Distributed Biased Min-Consensus With Applications to Shortest Path Planning

Abstract

Distributed consensus has been intensively studied in recent years as a means to mitigate state differences among dynamic nodes on a graph. It has been successfully employed in various applications, e.g., formation control of multi-robots, load balancing, clock synchronization. However, almost all existing applications cast an impression of consensus as a simple process to iteratively reach agreement, without any clue on possibility to generate advanced complexity, say shortest path planning, which has been proved to be NP-hard. Counter-intuitively, we show for the first time that the complexity of shortest path planning can emerge from a perturbed version of min-consensus protocol, which as a case study may shed lights to researchers in the field of distributed control to re-think the nature of complexity and the distance between control and intelligence.
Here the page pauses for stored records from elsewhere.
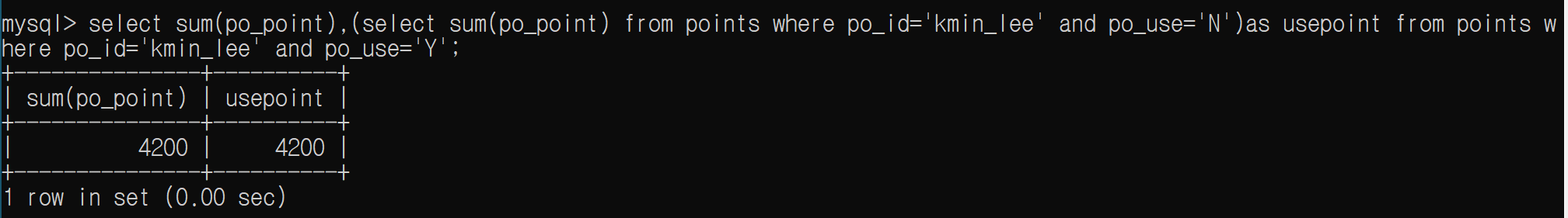 select sum(po_point),(select sum(po_point) from points where po_id='kmin_lee' and po_use='N')as usepoint from points where po_id='kmin_lee' and po_use='Y';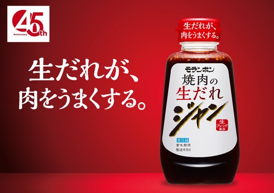 モランボン株式会社(本社:東京都府中市 代表取締役社長:全 峰 碩)は、「ジャン 焼肉の生だれ」発売45周年を記念して、「おうち焼肉の満足度アップ・食体験」をテーマに様々なコミュニケーション施策を実施します。 節目を迎える年にあたり、皆さまへの感謝の気持ちをお伝えするとともに、より多くの方に「ジャン 焼肉の生だれ」を知ってもらい、美味しさを体験していただきたいと考えています。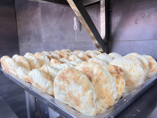 2023年3月,潼关肉夹馍的千层饼刚刚出炉。中新社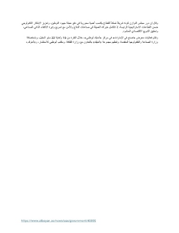 يجولونكتلا راكتبلاا زيزعتو ،نيطوتلا دوهج ةلجع عفد يف ةيروحم ةيمهأ بستكي عاطقلل ًانكمُم ًاكيرش هنوك نزاوتلا سلجم رود نإ لاقو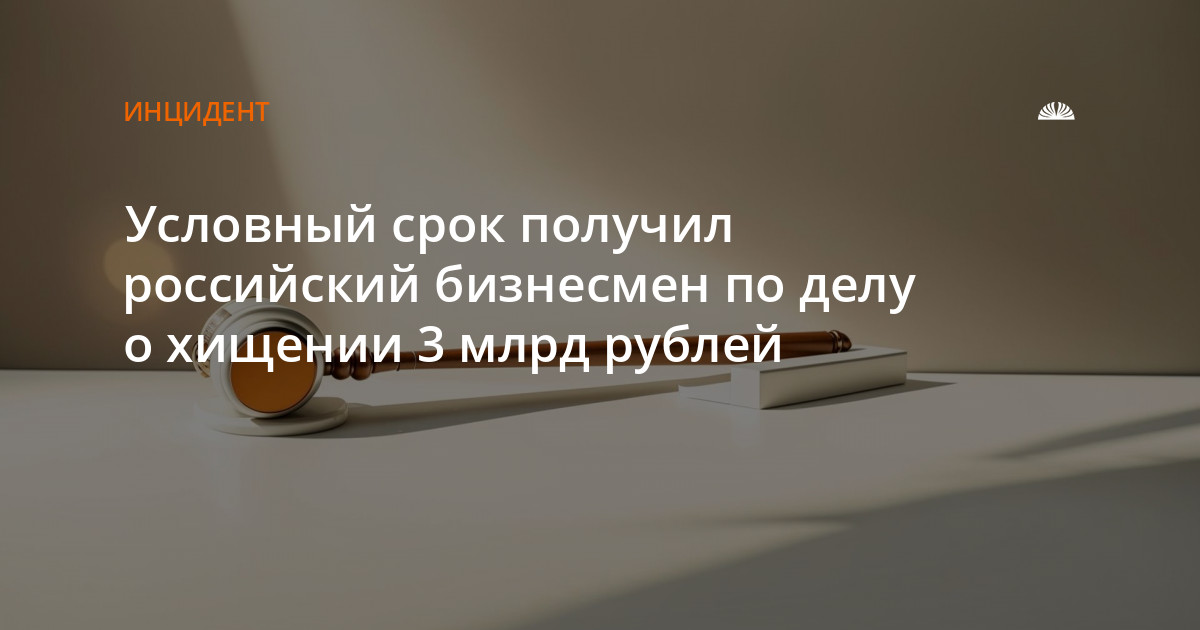 Условный срок получил российский бизнесмен по делу о хищении 3 млрд рублей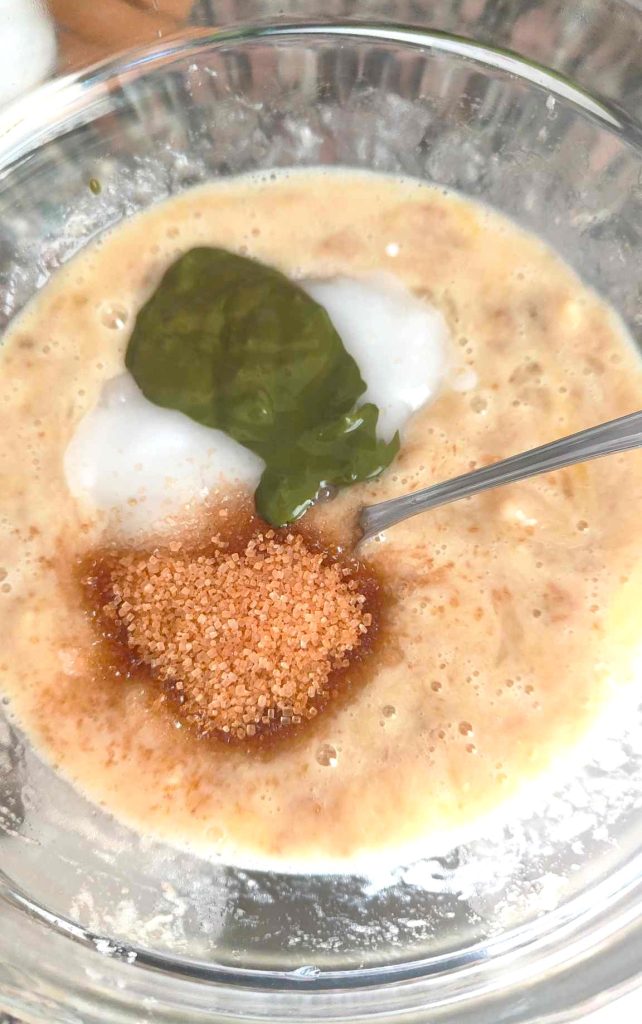1 – Prepare the wet ingredients: In a large bowl, mash the ripe bananas with a fork, add the eggs, coconut oil, Matcha green tea diluted with water, brown sugar, and a pinch of salt. Mix well until creamy and smooth.

Besides, we rigorously prove the convergence of graph dynamics and its equivalence to shortest path solutions. An illustrative simulation on a small scale graph is provided to show the convergence of the biased min-consensus dynamics to shortest path solution over the graph. To demonstrate the scalability to large scale problems, a graph with 43826 nodes, which corresponds to a map of a maze in 2D, is considered in the simulation study. Apart from possible applications in robot path planning, the result is further extended to robot complete coverage, showing its potential in real practice such as cleaning robots.